Now both clients should be connected, they will be able to hear and see each other with WebRTC and the server won’t handle any data, it was just used for signalling although we could still use the sockets to finish the call, control the connection or any other purposes.

Here is some advice before you run the application:

  • Use ngrok (or other tunnelling service) to expose your local server to a public URL and test the application with two different devices. Consider that it can cause some communication delays though.
  • Use headphones, audio feedback may damage your hearing and device.
  • Check if WebRTC is supported by your browser and make sure you use HTTPS, otherwise getUserMedia won’t work.

Please feel free to check and clone the project repository.

Conclusion

WebRTC is an interesting technology that allows us to go beyond the common computer communication protocols between a client and a server like request-response and WebSockets. Of course, none of them replace the others, they may be more suitable for a specific need or requirement but it is helpful to understand their advantages so we can consider different alternatives whenever we start a new project.

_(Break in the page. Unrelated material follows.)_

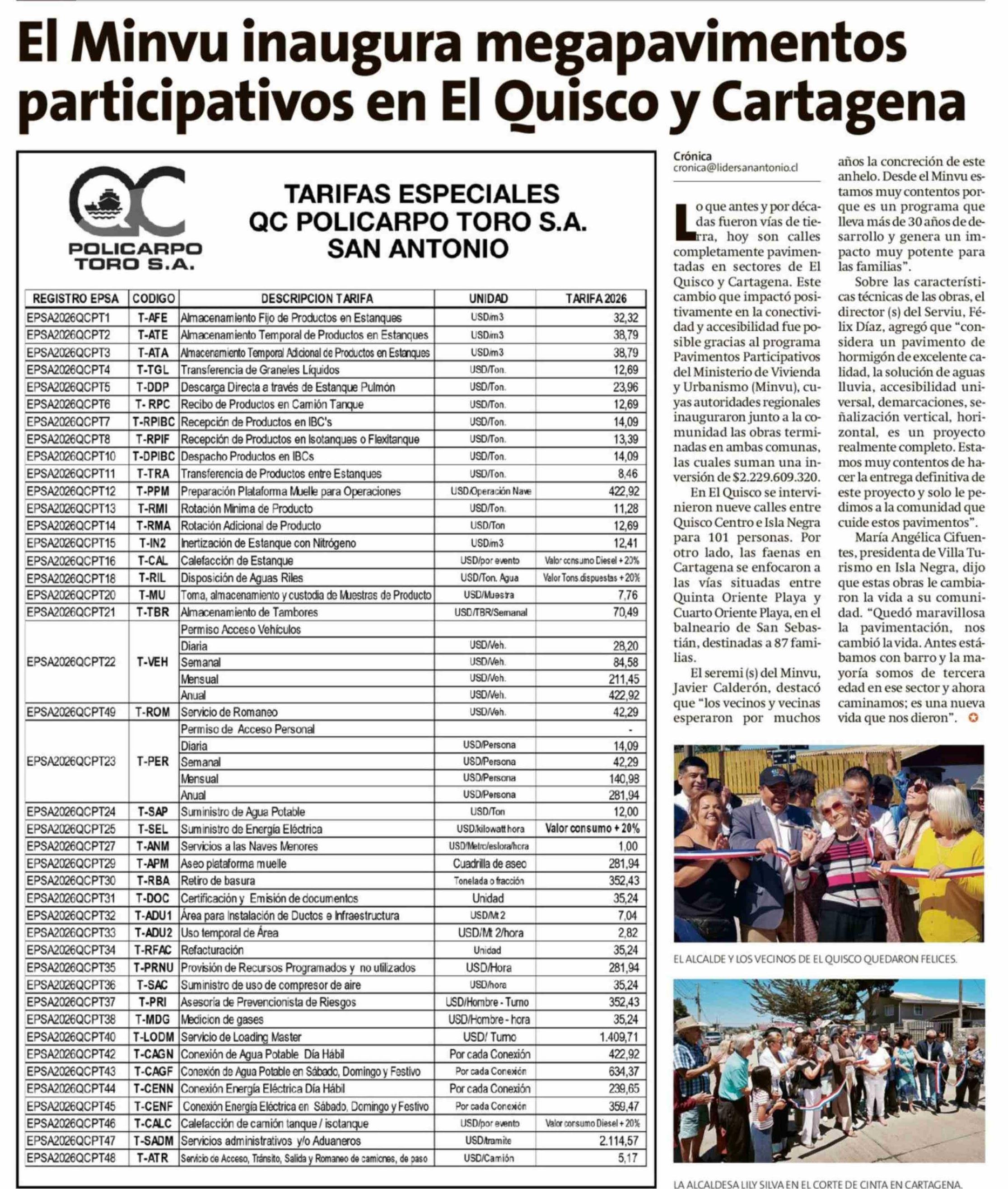 El Minvu inaugura megapavimentos participativos en El Quisco y Cartagena 12-02-2026 El Líder |

At Acid Tango, we had the opportunity to use WebRTC to add a video chat within the web application of one of our clients. The result was quite satisfactory since users could video call the web admins for inquiries at no cost, just using their browsers, so that functionality was innovative for the average user and added value to their product.

Fortunately, it is not difficult to build your own video chat application nowadays and the technology is there to be explored, it’s up to us to produce new ideas for a society that has normalised online communications.